Introducing mock objects can cause their own set of headaches though and when retrofitting unit tests to existing code you’re likely to find a number of reasons why it can prove difficult or even impossible to introduce them.

The first and often hardest problem to get around is that the code to be tested is tightly-coupled with the dependency you’re trying to mock out. If class A uses an instance of class B it’ll be impossible to mock that instance if it’s constructed somewhere inside class A. You can get around this by doing a small amount of refactoring and introducing dependency injection but there could be the suspicion that you’re changing the design of your code to make it testable.

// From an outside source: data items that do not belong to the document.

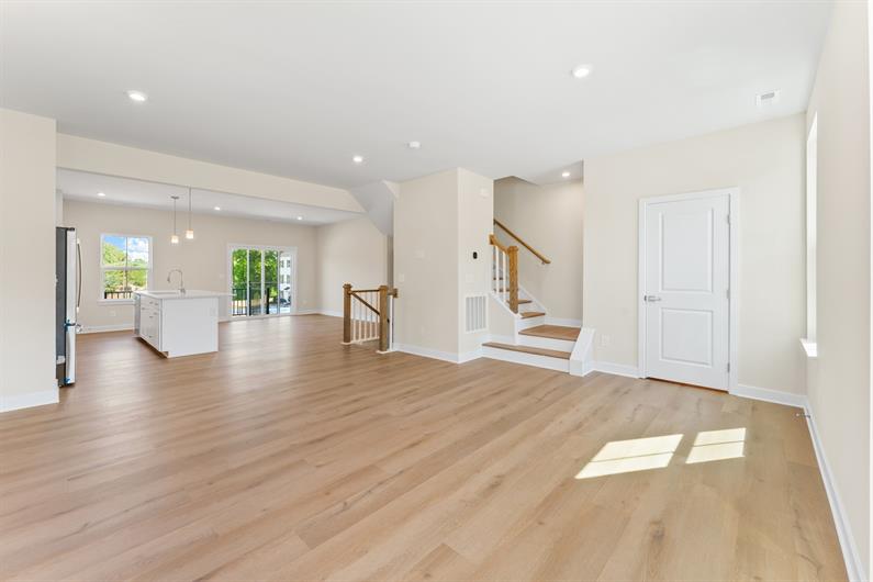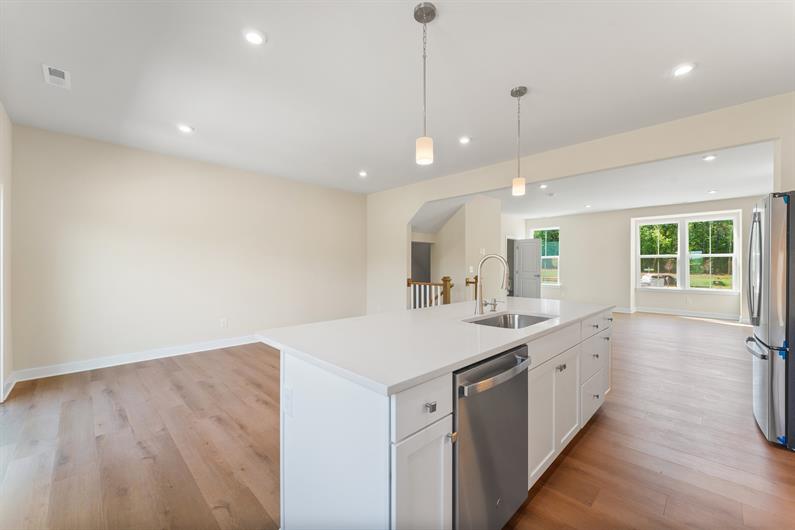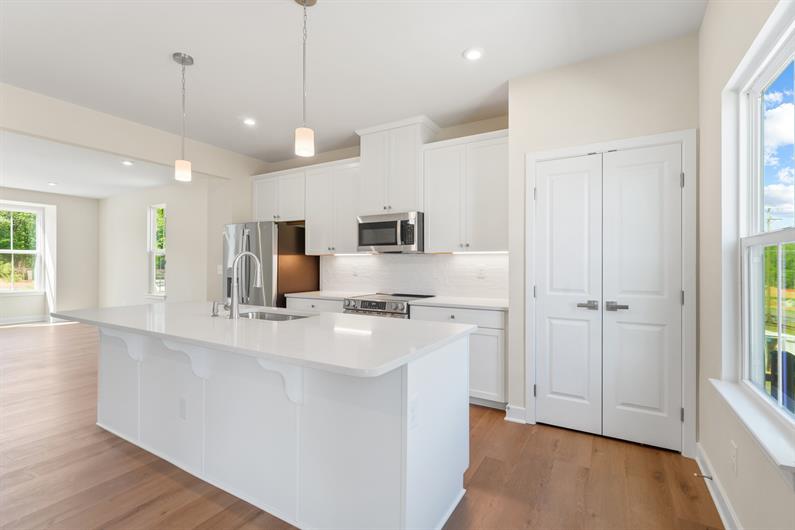 This end-unit, quick move-in Mendelssohn townhome blends the low-maintenance ease of townhome living with the space and comfort of a single-family home—enhanced by a beautifully upgraded design package throughout. The main level features an expansive kitchen with island that opens to a bright, open living area, ideal for entertaining. The kitchen is upgraded with quartz countertops, upgraded cabinetry, a stylish tile backsplash, and stainless steel appliances, including a slide-in range and upgraded refrigerator. Hard-surface flooring throughout the first and second floors and upgraded LVP stairs add durability and modern appeal.
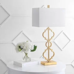 28.5″ Metal Sebastian Trellis Table Lamp (Includes LED Light Bulb) Gold – JONATHAN Y
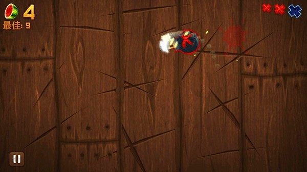 玩家滑动屏幕即可完成切割动作,注意躲避炸弹。
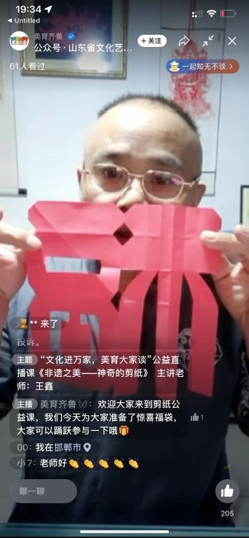 根据济南市疫情防控规定,自4月起所有中小学、培训机构暂停线下教学,开启线上网课教学模式。为促进学生在疫情期间身心健康成长,缓解居家隔离不安的心态,历城区全福街道社工站联合泉城书房开通了线上居家剪纸微课堂,邀请剪纸艺术家王鑫老师与学生共同走进非遗剪纸技艺。
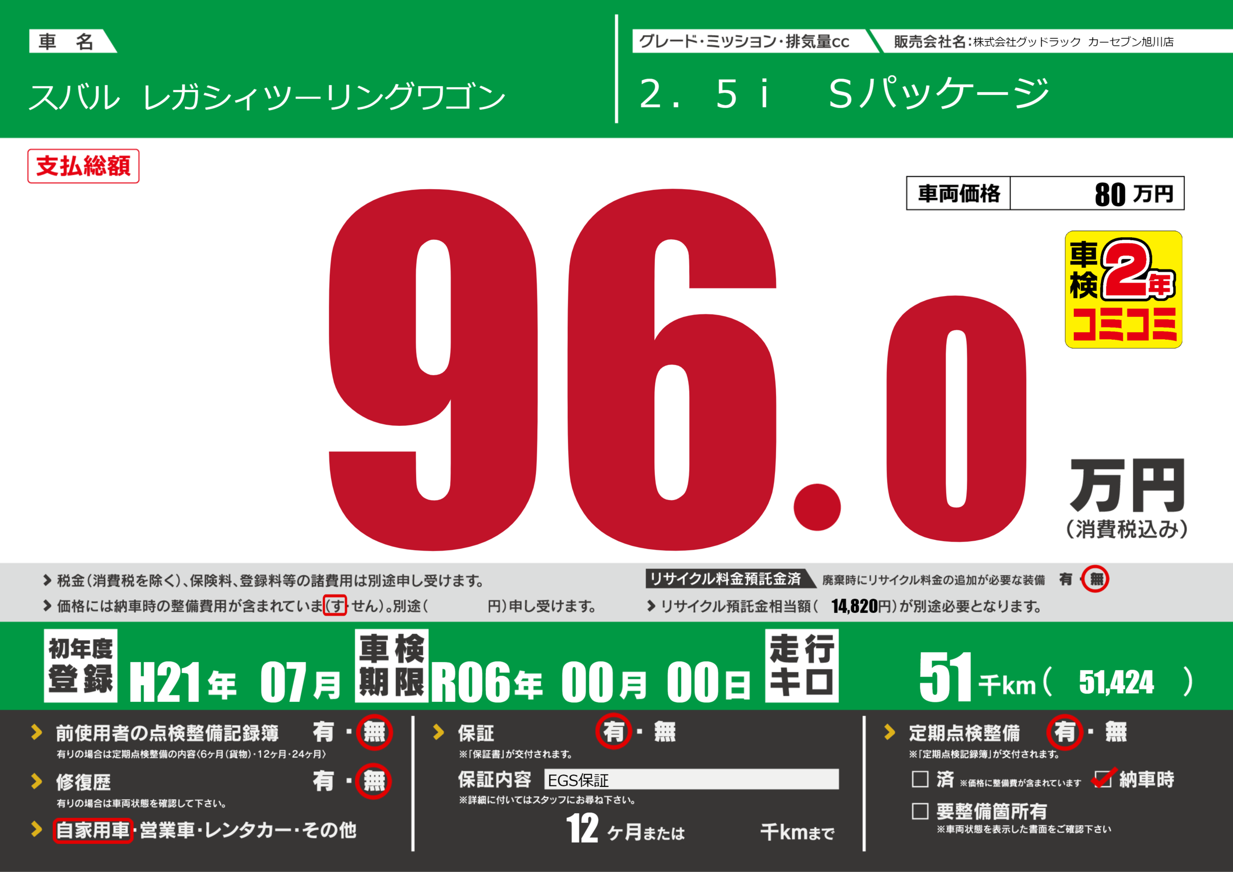 保証付き 保証内容(EGS保証) 12ヶ月または千km |

I really like dependency injection and inversion of control as general patterns but I realise that it’s something of a controversial subject. The arguments for and against it are summed up well in Martin Fowler’s excellent piece on the subject and there’s been an ongoing discussion on mockobjects.com about it’s use in unit testing as well. Some of the people I’ve spoken to who dislike DI feel that it breaks basic rules of encapsulation. Personally I think you need to strike a balance between encapsulation and tight-coupling between objects.

Assuming you’re coding to interfaces I see no reason why you can’t inject the implementation to be used without breaking encapsulation. If anything you’ll just be exposing your object’s contract with the rest of the system rather than how it works. To add a bit of DI while avoiding having to change the way the object is used throughout the code you could add a package-scope constructor that sets the mock instance required. By making it package-scope you’re limiting the scope for it to be used outside of the context of a unit test. The drawback is that you’re now adding code purely for testing and your test will be bypassing the constructor used at runtime.

One alternative solution to dependency injection when you need to break tightly-coupled dependencies in unit tests is to use Aspects. You could create an Aspect to intercept invocations on particular methods, creating a kind of pseudo-mock. This article on xprogramming.com has a good description of an implementation of mock objects using aspects. This isn’t something I’ve had a chance to try out but I suspect it has some drawbacks and any implementation may prove complex. If you try it out let me know how you get on.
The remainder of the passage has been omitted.